"Hai, Kak Calvin!" sapa kedua anak 11 tahun itu bersamaan.
"Hai Sayang...lama kita nggak ketemu ya? Sini masuk."
Tanpa canggung lagi, Calvin meraih tangan Hanny dan Kezia. Dua anak itu sudah dianggapnya seperti adiknya sendiri. Mereka melangkah ke ruang perpustakaan. Di sanalah biasanya Nyonya Santi mengajari mereka.
"Kakak kemana aja? Kok udah lama nggak bantu Hanny sama Kezia lagi?" tanya Hanny ingin tahu.
"Kakak baru sempat ke sini sekarang, Hanny." Hanya itu yang bisa dikatakan Calvin.

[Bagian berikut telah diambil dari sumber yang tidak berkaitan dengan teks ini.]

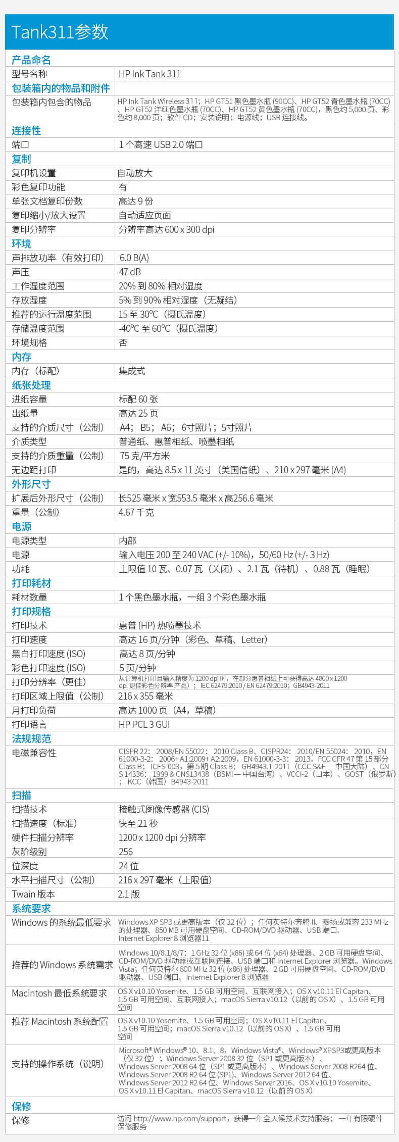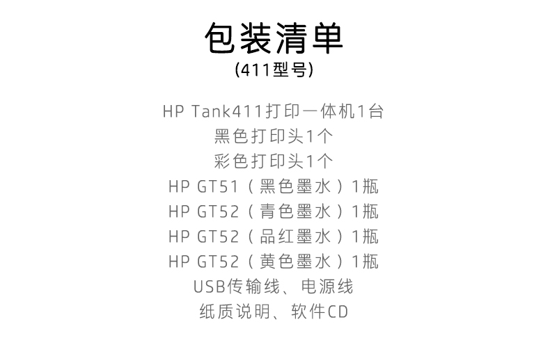 - 颜色分类: tank118(USB连接电脑,无复印扫描功能) tank311(USB连接电脑,不支持无线) tank411(支持无线手机打印)

Ia tak ingin menjelaskan alasan sebenarnya, tak ingin pula bersikap tidak jujur pada Hanny dan Kezia.
"Sibuk ya?" tebak Kezia. Rupanya mereka sudah punya spekulasi sendiri.
Calvin terselamatkan dari kewajiban menjawab oleh kedatangan Nyonya Santi. Segera saja wanita cantik itu menanyai Hanny dan Kezia. Keadaan mereka hari ini, pelajaran di sekolah, dan ada-tidaknya PR.
Mereka pun mulai belajar. Hanny dan Kezia anak yang cerdas. Sekali penjelasan materi saja, mereka langsung paham. Tak sulit untuk mengajari mereka. Calvin kagum pada dua murid Mamanya yang difabel itu. Di balik kekurangan mereka, tersimpan banyak kelebihan.
Selesai pemberian materi, mulailah Hanny dan Kezia mengerjakan soal latihan. Calvin membacakan soal untuk mereka. Ia begitu sabar melakukannya. Bahkan ia tak segan mengulang beberapa kali sampai mereka benar-benar mengerti dan siap menjawabnya. Bukan Calvin Wan namanya jika tidak sabar menghadapi anak-anak. Sebenarnya, ia punya bakat mengajar seperti Nyonya Santi. Hanny dan Kezia kelihatannya senang belajar bersama Calvin.
Selama membacakan soal, Calvin memperhatikan cara Hanny dan Kezia menulis. Mereka tidak menulis dengan huruf biasa, melainkan dengan huruf Braille. Mereka menulis dengan cukup cepat. Dalam hati, Calvin penasaran. Ia berniat minta diajari huruf Braille pada mereka selesai les nanti.
Benar saja. Usai waktu les, Calvin menahan mereka sebentar. Meminta mereka mengajarinya huruf Braille. Hanny dan Kezia melakukannya dengan senang hati.